● **INSTRUCTIONS FOR THE TASK**
Transcribe every record beneath, precisely as written.

==== THE RECORDS ====

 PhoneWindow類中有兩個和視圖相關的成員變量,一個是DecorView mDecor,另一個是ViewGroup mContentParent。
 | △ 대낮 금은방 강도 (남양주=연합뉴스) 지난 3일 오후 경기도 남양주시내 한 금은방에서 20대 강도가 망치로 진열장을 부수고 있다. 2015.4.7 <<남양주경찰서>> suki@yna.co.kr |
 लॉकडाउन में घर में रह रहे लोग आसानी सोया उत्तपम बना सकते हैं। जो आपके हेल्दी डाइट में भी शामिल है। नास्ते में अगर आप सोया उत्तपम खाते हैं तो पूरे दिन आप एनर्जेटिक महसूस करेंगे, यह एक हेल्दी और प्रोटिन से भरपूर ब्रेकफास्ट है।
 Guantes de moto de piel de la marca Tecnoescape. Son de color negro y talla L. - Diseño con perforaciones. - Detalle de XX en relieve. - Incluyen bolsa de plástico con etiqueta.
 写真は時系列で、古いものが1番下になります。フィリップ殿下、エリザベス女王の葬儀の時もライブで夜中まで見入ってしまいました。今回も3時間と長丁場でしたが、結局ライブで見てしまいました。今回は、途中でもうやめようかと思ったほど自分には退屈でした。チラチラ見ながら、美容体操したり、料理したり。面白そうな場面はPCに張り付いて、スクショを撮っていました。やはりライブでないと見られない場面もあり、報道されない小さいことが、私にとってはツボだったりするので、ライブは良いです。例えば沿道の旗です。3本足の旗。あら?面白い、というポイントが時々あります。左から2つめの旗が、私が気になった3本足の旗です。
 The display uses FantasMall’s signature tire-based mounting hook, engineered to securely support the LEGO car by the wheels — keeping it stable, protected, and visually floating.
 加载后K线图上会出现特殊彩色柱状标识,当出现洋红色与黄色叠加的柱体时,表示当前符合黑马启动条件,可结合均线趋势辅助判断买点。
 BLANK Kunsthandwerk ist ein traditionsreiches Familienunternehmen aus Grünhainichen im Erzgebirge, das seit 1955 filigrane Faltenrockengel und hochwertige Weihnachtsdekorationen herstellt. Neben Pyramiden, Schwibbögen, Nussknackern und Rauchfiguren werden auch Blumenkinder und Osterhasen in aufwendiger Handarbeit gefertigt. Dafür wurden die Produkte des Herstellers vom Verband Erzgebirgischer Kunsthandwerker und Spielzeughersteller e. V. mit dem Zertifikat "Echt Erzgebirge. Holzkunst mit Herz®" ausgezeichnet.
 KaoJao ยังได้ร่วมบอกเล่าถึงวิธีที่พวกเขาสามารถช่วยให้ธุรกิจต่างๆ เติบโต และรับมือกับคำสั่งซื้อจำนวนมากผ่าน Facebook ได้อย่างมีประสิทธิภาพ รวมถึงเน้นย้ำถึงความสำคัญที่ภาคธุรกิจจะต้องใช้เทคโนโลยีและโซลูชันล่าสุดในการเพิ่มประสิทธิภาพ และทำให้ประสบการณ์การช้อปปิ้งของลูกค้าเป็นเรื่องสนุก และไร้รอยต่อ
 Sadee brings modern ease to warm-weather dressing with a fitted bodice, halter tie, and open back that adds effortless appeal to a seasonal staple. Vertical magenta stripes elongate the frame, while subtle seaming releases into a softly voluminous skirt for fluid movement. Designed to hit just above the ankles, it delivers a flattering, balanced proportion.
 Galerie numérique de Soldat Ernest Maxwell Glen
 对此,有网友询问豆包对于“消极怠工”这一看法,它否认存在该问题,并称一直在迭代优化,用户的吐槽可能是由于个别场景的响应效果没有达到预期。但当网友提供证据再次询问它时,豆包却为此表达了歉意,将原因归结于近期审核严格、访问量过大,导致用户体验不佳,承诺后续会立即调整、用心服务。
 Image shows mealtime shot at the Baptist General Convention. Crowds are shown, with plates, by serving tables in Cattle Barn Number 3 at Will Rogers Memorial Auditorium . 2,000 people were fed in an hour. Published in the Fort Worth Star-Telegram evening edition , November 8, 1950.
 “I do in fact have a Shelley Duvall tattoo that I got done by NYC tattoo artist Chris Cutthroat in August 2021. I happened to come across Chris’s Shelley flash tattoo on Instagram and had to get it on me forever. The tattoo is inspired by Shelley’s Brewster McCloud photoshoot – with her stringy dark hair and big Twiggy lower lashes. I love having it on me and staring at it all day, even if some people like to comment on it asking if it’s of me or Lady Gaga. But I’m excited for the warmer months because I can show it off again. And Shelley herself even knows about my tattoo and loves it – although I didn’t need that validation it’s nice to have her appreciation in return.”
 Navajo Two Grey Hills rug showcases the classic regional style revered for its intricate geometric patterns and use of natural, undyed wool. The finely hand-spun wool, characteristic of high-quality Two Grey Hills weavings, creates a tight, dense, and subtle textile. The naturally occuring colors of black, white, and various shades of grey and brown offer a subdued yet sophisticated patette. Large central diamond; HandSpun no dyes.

====

● **TASK ANSWER**
 PhoneWindow類中有兩個和視圖相關的成員變量,一個是DecorView mDecor,另一個是ViewGroup mContentParent。
 | △ 대낮 금은방 강도 (남양주=연합뉴스) 지난 3일 오후 경기도 남양주시내 한 금은방에서 20대 강도가 망치로 진열장을 부수고 있다. 2015.4.7 <<남양주경찰서>> suki@yna.co.kr |
 लॉकडाउन में घर में रह रहे लोग आसानी सोया उत्तपम बना सकते हैं। जो आपके हेल्दी डाइट में भी शामिल है। नास्ते में अगर आप सोया उत्तपम खाते हैं तो पूरे दिन आप एनर्जेटिक महसूस करेंगे, यह एक हेल्दी और प्रोटिन से भरपूर ब्रेकफास्ट है।
 Guantes de moto de piel de la marca Tecnoescape. Son de color negro y talla L. - Diseño con perforaciones. - Detalle de XX en relieve. - Incluyen bolsa de plástico con etiqueta.
 写真は時系列で、古いものが1番下になります。フィリップ殿下、エリザベス女王の葬儀の時もライブで夜中まで見入ってしまいました。今回も3時間と長丁場でしたが、結局ライブで見てしまいました。今回は、途中でもうやめようかと思ったほど自分には退屈でした。チラチラ見ながら、美容体操したり、料理したり。面白そうな場面はPCに張り付いて、スクショを撮っていました。やはりライブでないと見られない場面もあり、報道されない小さいことが、私にとってはツボだったりするので、ライブは良いです。例えば沿道の旗です。3本足の旗。あら?面白い、というポイントが時々あります。左から2つめの旗が、私が気になった3本足の旗です。
 The display uses FantasMall’s signature tire-based mounting hook, engineered to securely support the LEGO car by the wheels — keeping it stable, protected, and visually floating.
 加载后K线图上会出现特殊彩色柱状标识,当出现洋红色与黄色叠加的柱体时,表示当前符合黑马启动条件,可结合均线趋势辅助判断买点。
 BLANK Kunsthandwerk ist ein traditionsreiches Familienunternehmen aus Grünhainichen im Erzgebirge, das seit 1955 filigrane Faltenrockengel und hochwertige Weihnachtsdekorationen herstellt. Neben Pyramiden, Schwibbögen, Nussknackern und Rauchfiguren werden auch Blumenkinder und Osterhasen in aufwendiger Handarbeit gefertigt. Dafür wurden die Produkte des Herstellers vom Verband Erzgebirgischer Kunsthandwerker und Spielzeughersteller e. V. mit dem Zertifikat "Echt Erzgebirge. Holzkunst mit Herz®" ausgezeichnet.
 KaoJao ยังได้ร่วมบอกเล่าถึงวิธีที่พวกเขาสามารถช่วยให้ธุรกิจต่างๆ เติบโต และรับมือกับคำสั่งซื้อจำนวนมากผ่าน Facebook ได้อย่างมีประสิทธิภาพ รวมถึงเน้นย้ำถึงความสำคัญที่ภาคธุรกิจจะต้องใช้เทคโนโลยีและโซลูชันล่าสุดในการเพิ่มประสิทธิภาพ และทำให้ประสบการณ์การช้อปปิ้งของลูกค้าเป็นเรื่องสนุก และไร้รอยต่อ
 Sadee brings modern ease to warm-weather dressing with a fitted bodice, halter tie, and open back that adds effortless appeal to a seasonal staple. Vertical magenta stripes elongate the frame, while subtle seaming releases into a softly voluminous skirt for fluid movement. Designed to hit just above the ankles, it delivers a flattering, balanced proportion.
 Galerie numérique de Soldat Ernest Maxwell Glen
 对此,有网友询问豆包对于“消极怠工”这一看法,它否认存在该问题,并称一直在迭代优化,用户的吐槽可能是由于个别场景的响应效果没有达到预期。但当网友提供证据再次询问它时,豆包却为此表达了歉意,将原因归结于近期审核严格、访问量过大,导致用户体验不佳,承诺后续会立即调整、用心服务。
 Image shows mealtime shot at the Baptist General Convention. Crowds are shown, with plates, by serving tables in Cattle Barn Number 3 at Will Rogers Memorial Auditorium . 2,000 people were fed in an hour. Published in the Fort Worth Star-Telegram evening edition , November 8, 1950.
 “I do in fact have a Shelley Duvall tattoo that I got done by NYC tattoo artist Chris Cutthroat in August 2021. I happened to come across Chris’s Shelley flash tattoo on Instagram and had to get it on me forever. The tattoo is inspired by Shelley’s Brewster McCloud photoshoot – with her stringy dark hair and big Twiggy lower lashes. I love having it on me and staring at it all day, even if some people like to comment on it asking if it’s of me or Lady Gaga. But I’m excited for the warmer months because I can show it off again. And Shelley herself even knows about my tattoo and loves it – although I didn’t need that validation it’s nice to have her appreciation in return.”
 Navajo Two Grey Hills rug showcases the classic regional style revered for its intricate geometric patterns and use of natural, undyed wool. The finely hand-spun wool, characteristic of high-quality Two Grey Hills weavings, creates a tight, dense, and subtle textile. The naturally occuring colors of black, white, and various shades of grey and brown offer a subdued yet sophisticated patette. Large central diamond; HandSpun no dyes.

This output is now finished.